Provided records
▼
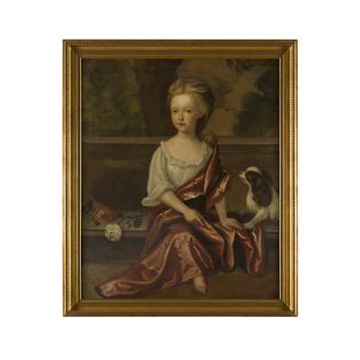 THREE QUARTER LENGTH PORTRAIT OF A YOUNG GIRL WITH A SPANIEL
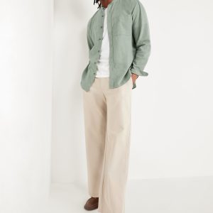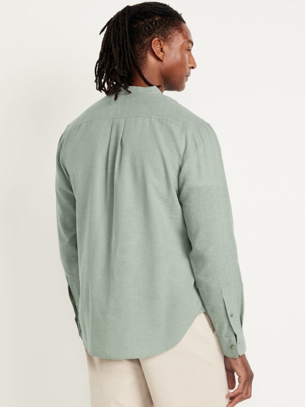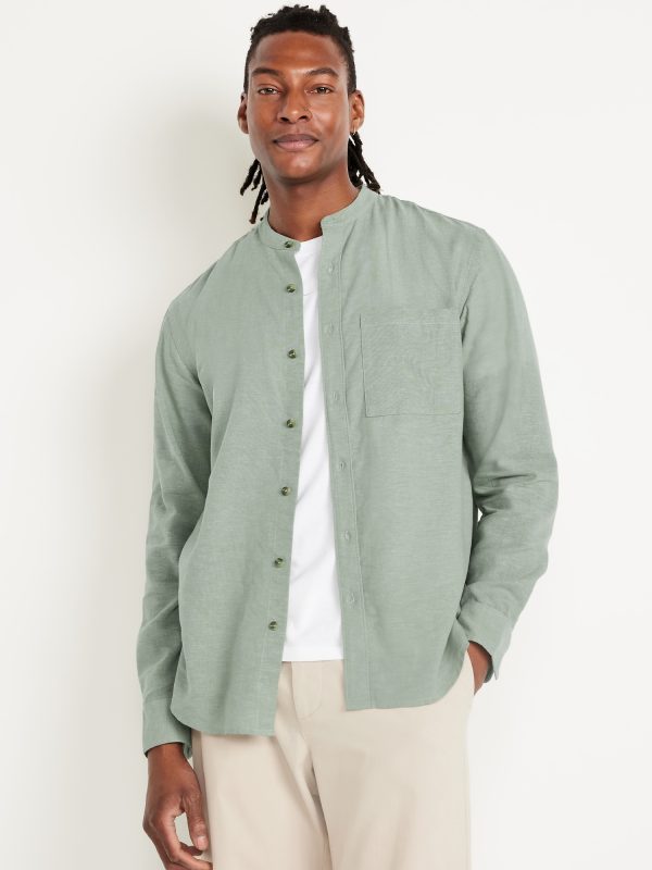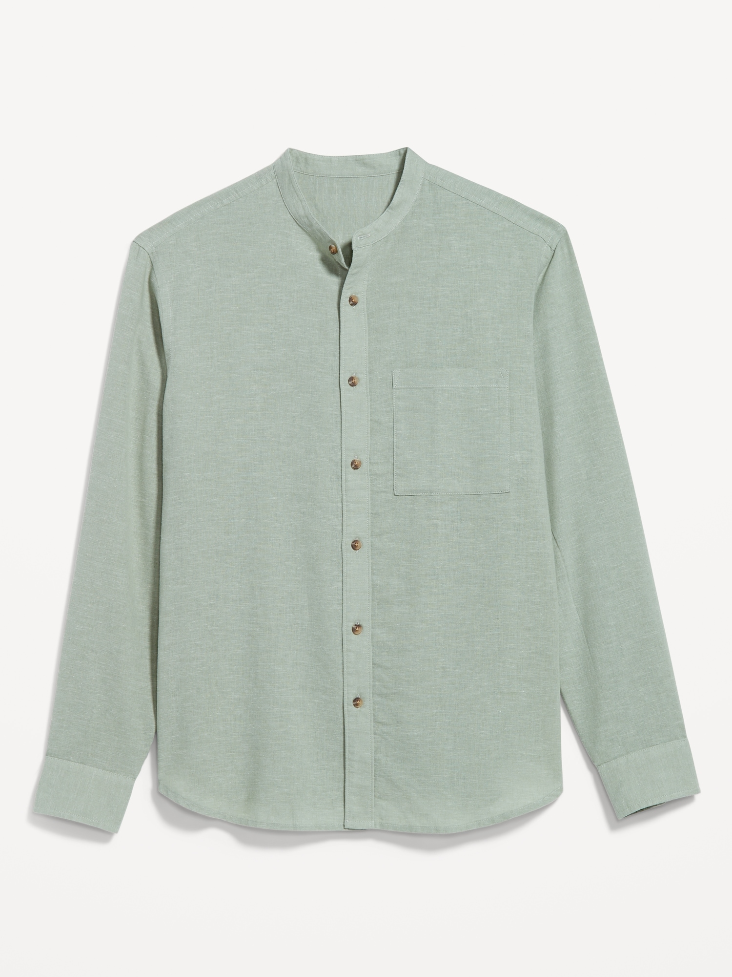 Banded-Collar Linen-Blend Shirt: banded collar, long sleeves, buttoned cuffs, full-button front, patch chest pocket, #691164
▲
▼
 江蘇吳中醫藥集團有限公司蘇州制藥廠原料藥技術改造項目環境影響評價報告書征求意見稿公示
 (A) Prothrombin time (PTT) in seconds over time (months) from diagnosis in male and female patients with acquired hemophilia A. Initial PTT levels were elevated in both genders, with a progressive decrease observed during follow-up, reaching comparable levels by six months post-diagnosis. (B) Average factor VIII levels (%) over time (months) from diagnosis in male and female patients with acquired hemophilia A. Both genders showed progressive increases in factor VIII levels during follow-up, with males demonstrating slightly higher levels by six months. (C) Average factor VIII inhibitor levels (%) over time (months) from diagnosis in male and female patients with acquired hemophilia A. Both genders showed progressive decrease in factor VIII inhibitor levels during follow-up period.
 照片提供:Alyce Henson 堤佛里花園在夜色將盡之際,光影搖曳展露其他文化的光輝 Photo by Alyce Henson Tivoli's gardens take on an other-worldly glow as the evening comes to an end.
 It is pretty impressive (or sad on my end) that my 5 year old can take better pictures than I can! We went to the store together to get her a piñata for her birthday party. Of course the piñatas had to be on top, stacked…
▲
Where the string "take" occurs in a line of the material above, copy the whole line.

 照片提供:Alyce Henson 堤佛里花園在夜色將盡之際,光影搖曳展露其他文化的光輝 Photo by Alyce Henson Tivoli's gardens take on an other-worldly glow as the evening comes to an end.
 It is pretty impressive (or sad on my end) that my 5 year old can take better pictures than I can! We went to the store together to get her a piñata for her birthday party. Of course the piñatas had to be on top, stacked…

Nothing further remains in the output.